[Excerpts from a dataset]
--- START ---
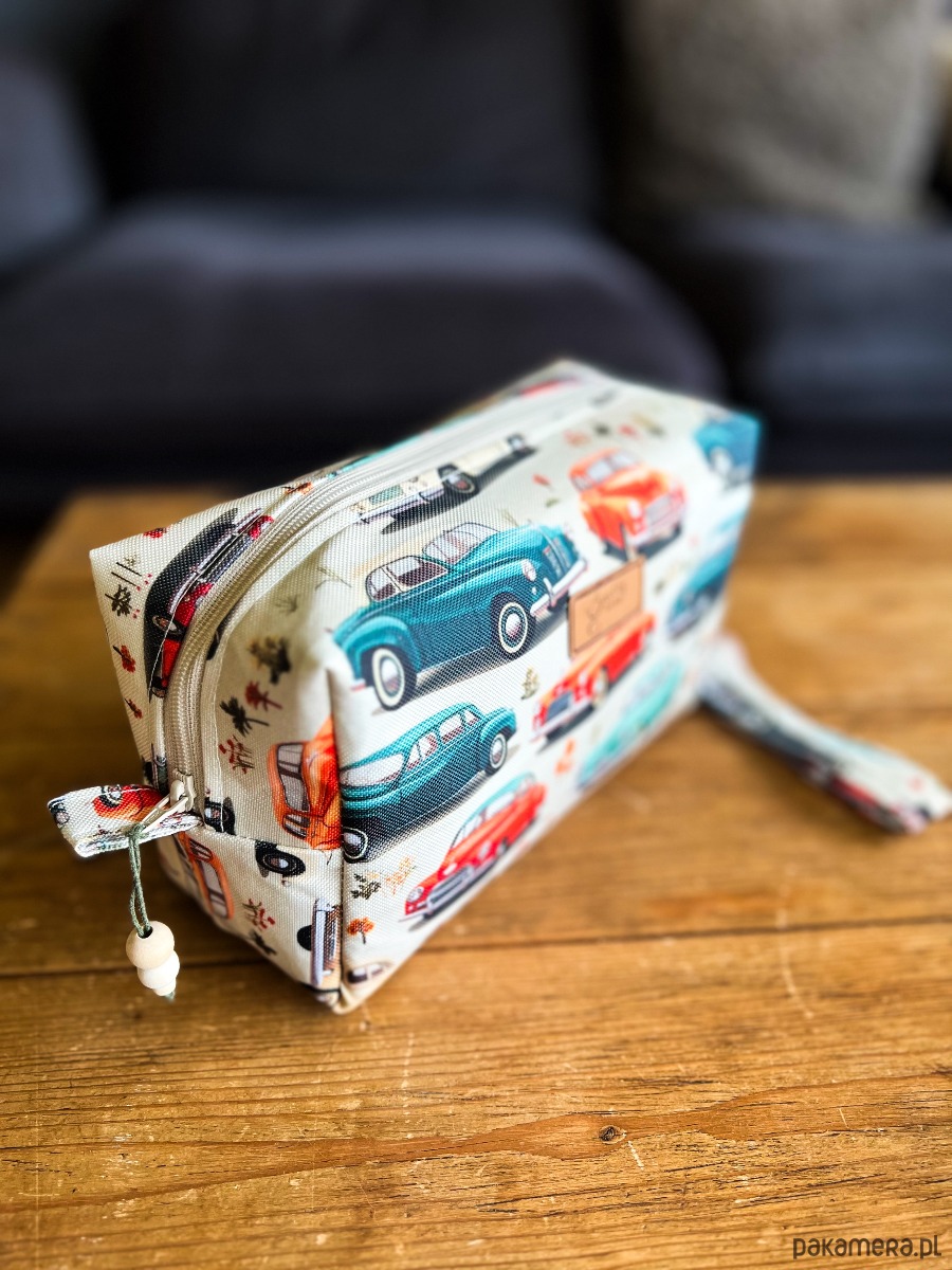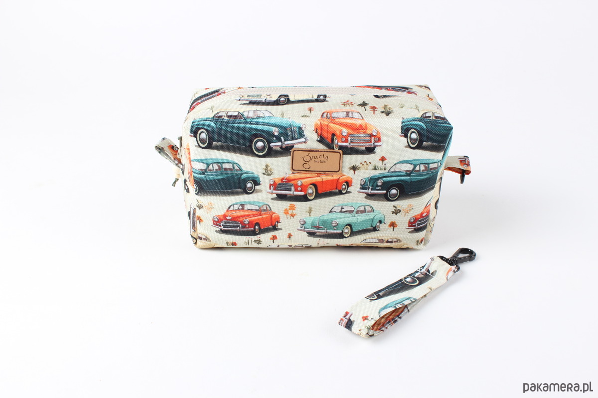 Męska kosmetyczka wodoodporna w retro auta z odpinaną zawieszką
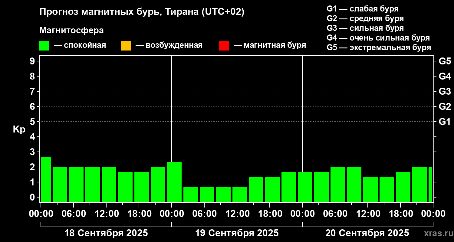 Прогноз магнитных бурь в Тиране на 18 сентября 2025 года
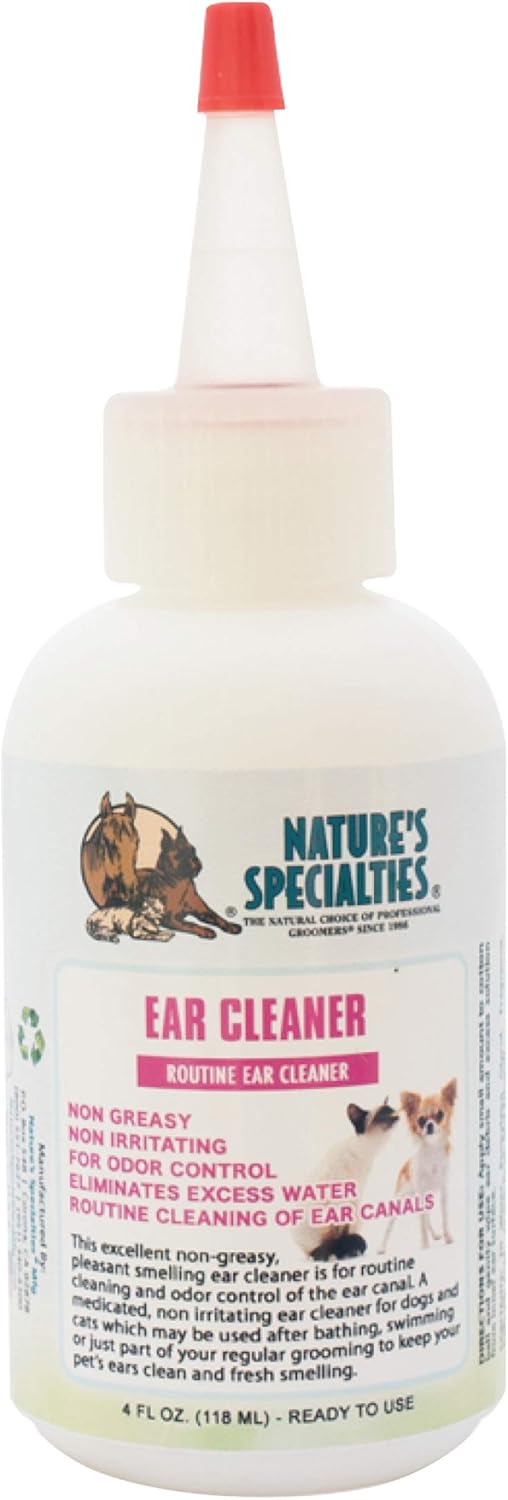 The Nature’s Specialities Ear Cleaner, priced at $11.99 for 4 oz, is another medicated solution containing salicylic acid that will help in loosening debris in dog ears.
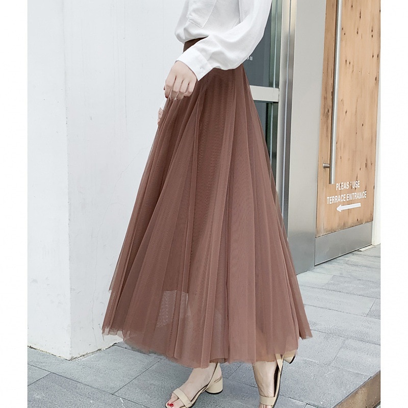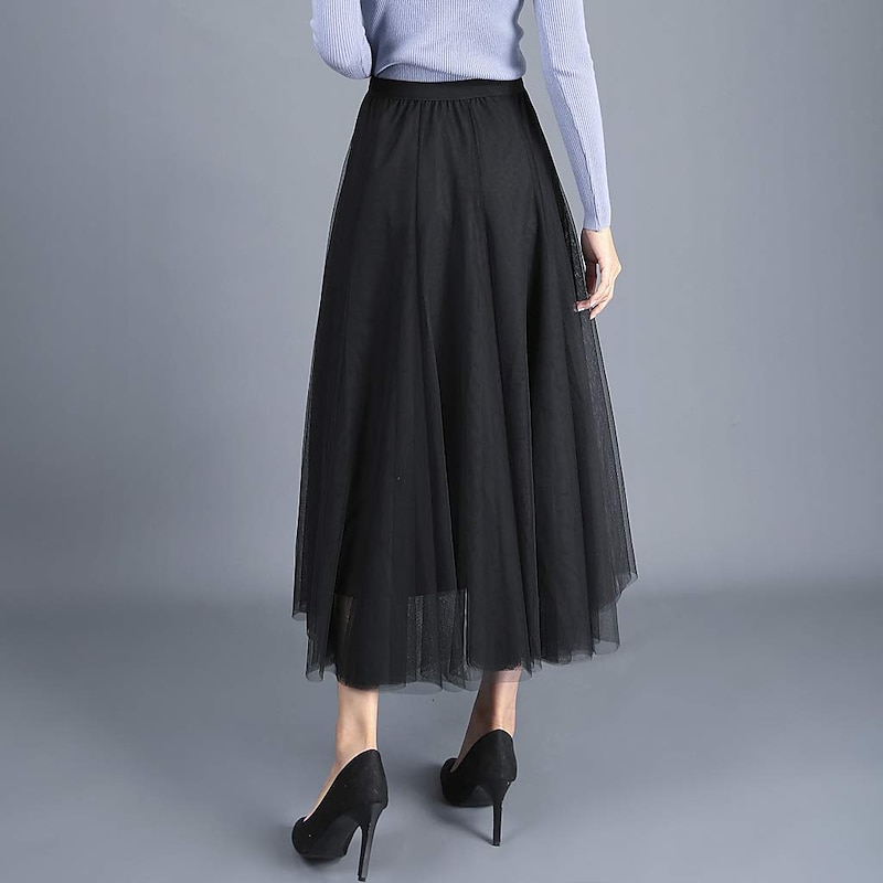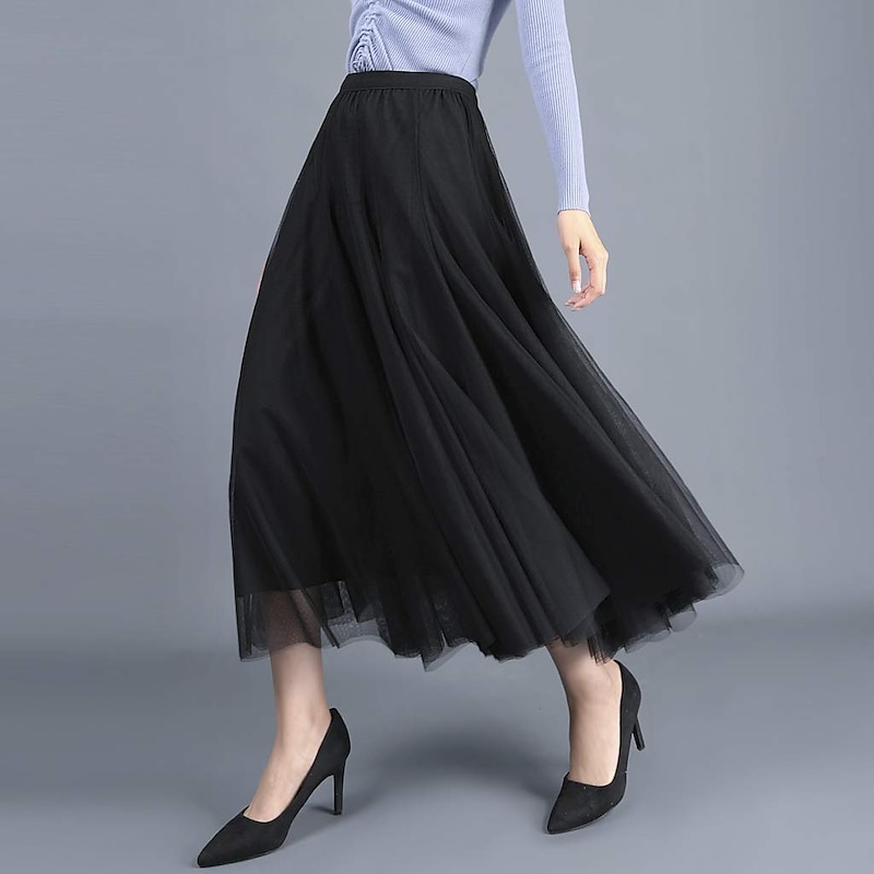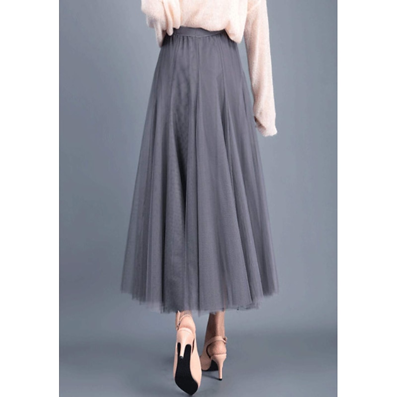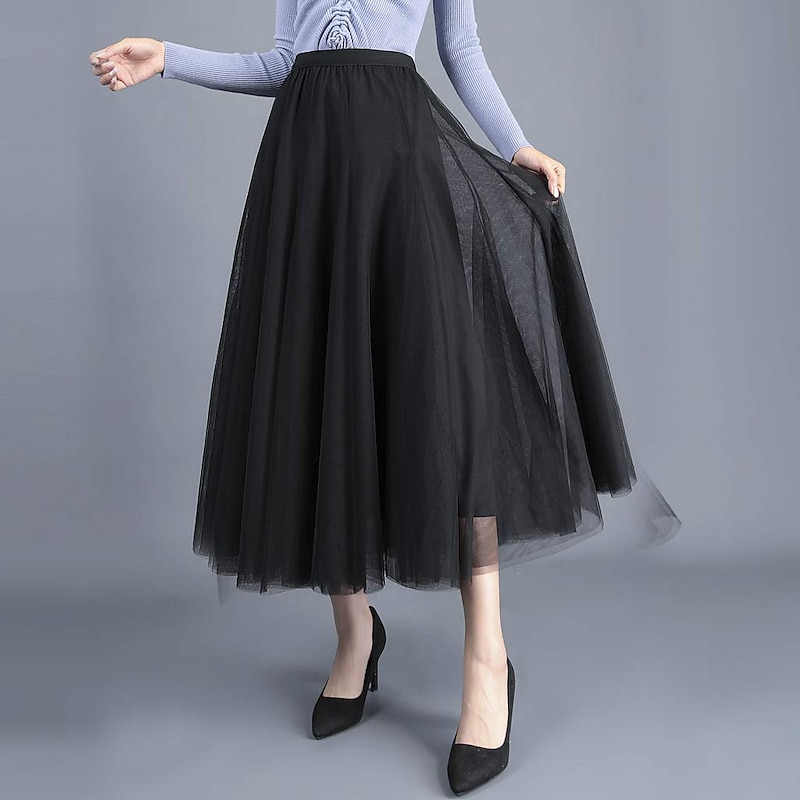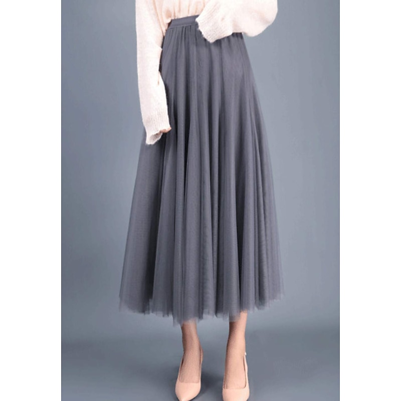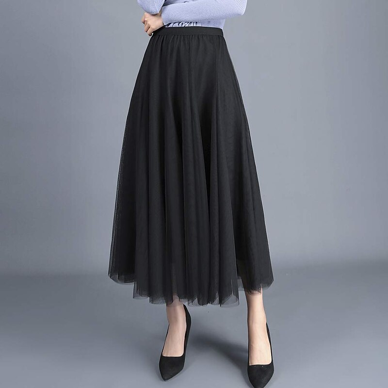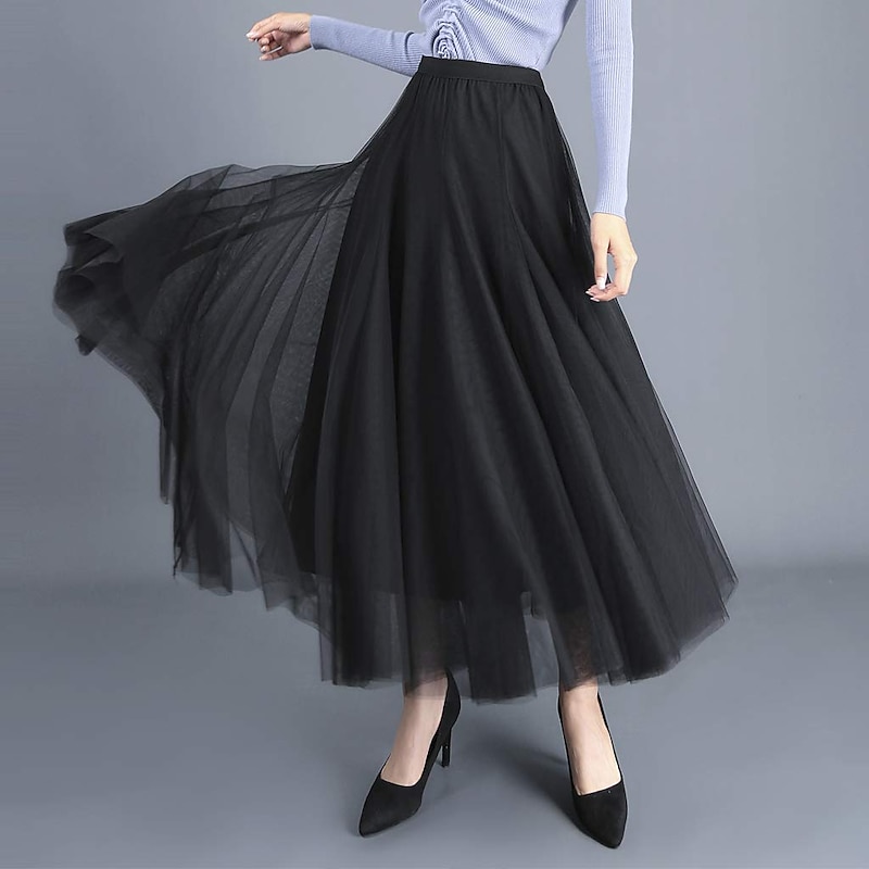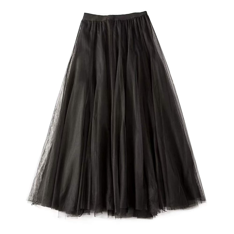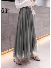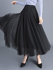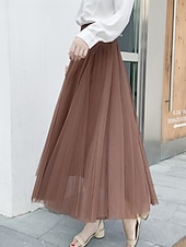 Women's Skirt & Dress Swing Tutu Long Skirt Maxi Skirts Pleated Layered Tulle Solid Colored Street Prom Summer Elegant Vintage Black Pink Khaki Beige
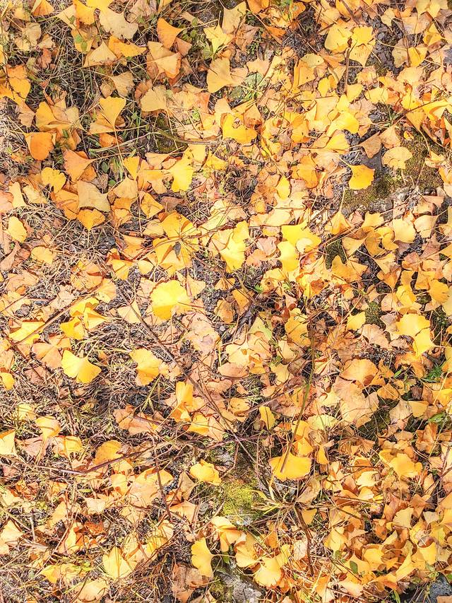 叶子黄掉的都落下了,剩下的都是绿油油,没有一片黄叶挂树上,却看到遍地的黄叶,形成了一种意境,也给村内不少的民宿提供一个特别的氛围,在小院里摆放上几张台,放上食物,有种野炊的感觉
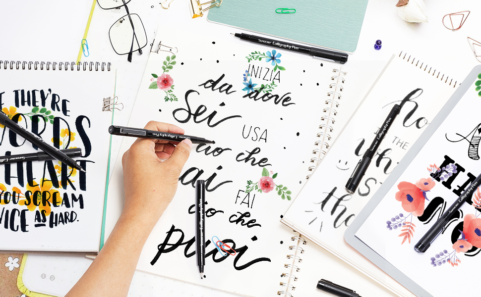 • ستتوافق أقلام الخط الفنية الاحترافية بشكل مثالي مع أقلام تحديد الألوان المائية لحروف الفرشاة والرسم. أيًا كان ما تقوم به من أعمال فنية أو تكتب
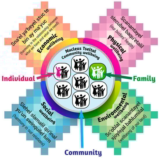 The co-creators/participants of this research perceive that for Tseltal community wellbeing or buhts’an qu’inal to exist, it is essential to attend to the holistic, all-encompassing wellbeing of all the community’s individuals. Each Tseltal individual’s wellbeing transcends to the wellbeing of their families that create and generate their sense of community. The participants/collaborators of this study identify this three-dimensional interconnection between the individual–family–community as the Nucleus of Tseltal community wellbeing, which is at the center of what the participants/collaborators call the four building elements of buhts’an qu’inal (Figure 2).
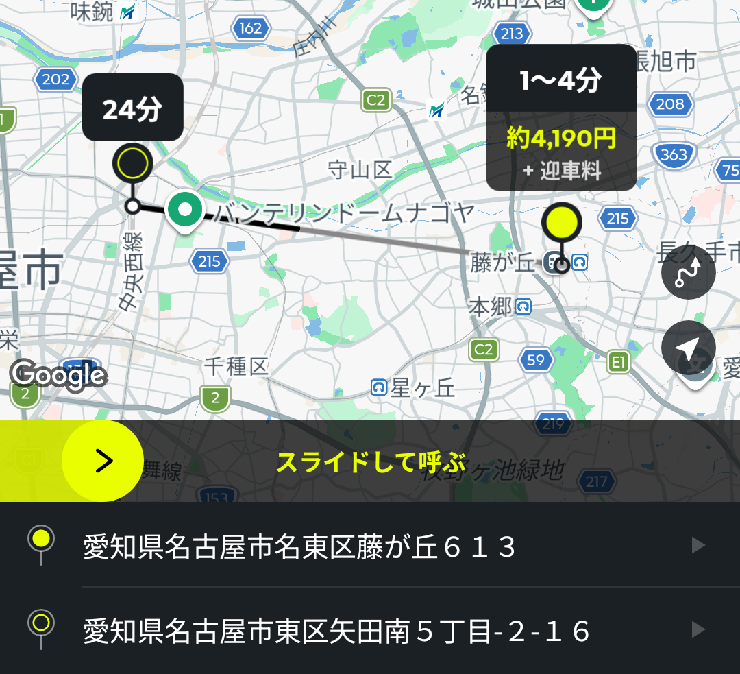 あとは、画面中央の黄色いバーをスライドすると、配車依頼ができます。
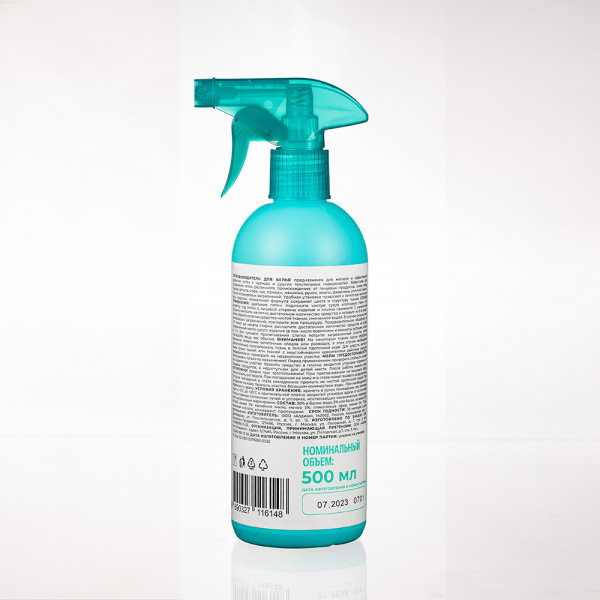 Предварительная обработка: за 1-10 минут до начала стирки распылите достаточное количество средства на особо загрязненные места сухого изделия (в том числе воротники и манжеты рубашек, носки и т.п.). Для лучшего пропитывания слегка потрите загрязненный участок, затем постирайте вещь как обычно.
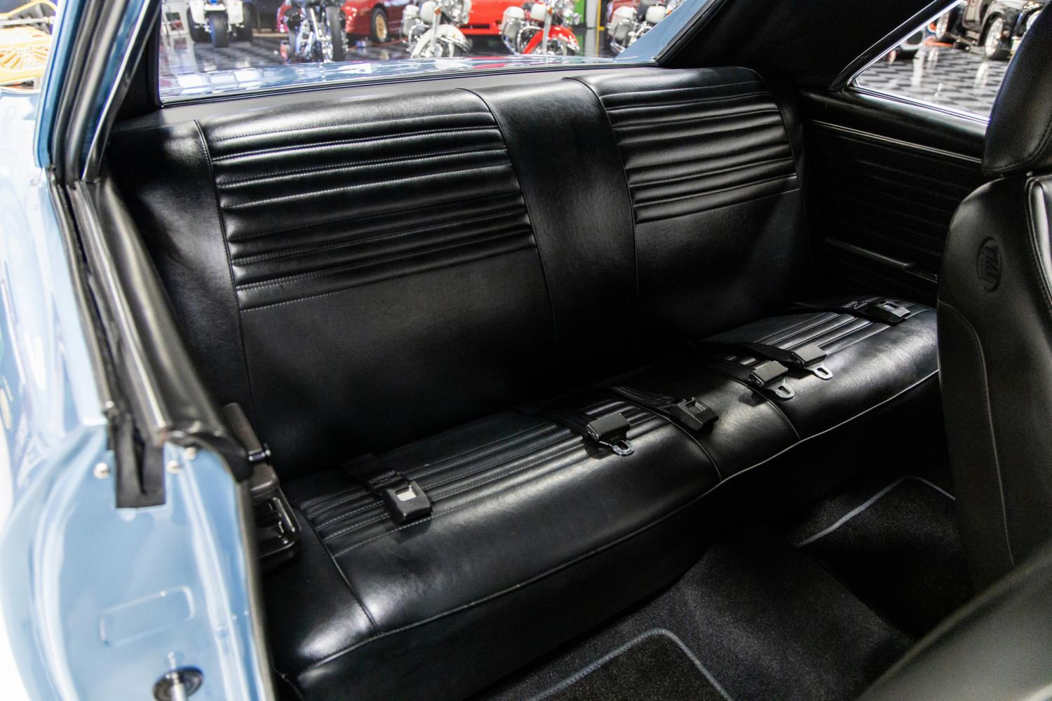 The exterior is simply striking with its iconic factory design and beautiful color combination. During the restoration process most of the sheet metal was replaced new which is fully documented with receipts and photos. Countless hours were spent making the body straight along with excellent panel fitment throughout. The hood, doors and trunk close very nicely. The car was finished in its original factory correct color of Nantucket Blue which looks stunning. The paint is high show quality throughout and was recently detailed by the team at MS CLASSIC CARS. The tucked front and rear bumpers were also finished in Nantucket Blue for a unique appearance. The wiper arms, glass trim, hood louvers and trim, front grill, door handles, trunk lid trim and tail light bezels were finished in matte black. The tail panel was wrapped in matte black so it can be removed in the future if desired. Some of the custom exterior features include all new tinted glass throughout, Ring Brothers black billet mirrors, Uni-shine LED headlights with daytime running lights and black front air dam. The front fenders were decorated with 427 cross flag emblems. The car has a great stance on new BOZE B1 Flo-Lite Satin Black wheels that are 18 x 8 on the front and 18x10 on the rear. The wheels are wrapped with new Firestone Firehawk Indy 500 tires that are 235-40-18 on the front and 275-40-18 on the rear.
--- END ---
_What to work on_
Set down only the lines from the one with "Предварительная обработка: за" through the end of the entries, exactly as they appear, leaving out each picture.

_Problem solution_
 Предварительная обработка: за 1-10 минут до начала стирки распылите достаточное количество средства на особо загрязненные места сухого изделия (в том числе воротники и манжеты рубашек, носки и т.п.). Для лучшего пропитывания слегка потрите загрязненный участок, затем постирайте вещь как обычно.
 The exterior is simply striking with its iconic factory design and beautiful color combination. During the restoration process most of the sheet metal was replaced new which is fully documented with receipts and photos. Countless hours were spent making the body straight along with excellent panel fitment throughout. The hood, doors and trunk close very nicely. The car was finished in its original factory correct color of Nantucket Blue which looks stunning. The paint is high show quality throughout and was recently detailed by the team at MS CLASSIC CARS. The tucked front and rear bumpers were also finished in Nantucket Blue for a unique appearance. The wiper arms, glass trim, hood louvers and trim, front grill, door handles, trunk lid trim and tail light bezels were finished in matte black. The tail panel was wrapped in matte black so it can be removed in the future if desired. Some of the custom exterior features include all new tinted glass throughout, Ring Brothers black billet mirrors, Uni-shine LED headlights with daytime running lights and black front air dam. The front fenders were decorated with 427 cross flag emblems. The car has a great stance on new BOZE B1 Flo-Lite Satin Black wheels that are 18 x 8 on the front and 18x10 on the rear. The wheels are wrapped with new Firestone Firehawk Indy 500 tires that are 235-40-18 on the front and 275-40-18 on the rear.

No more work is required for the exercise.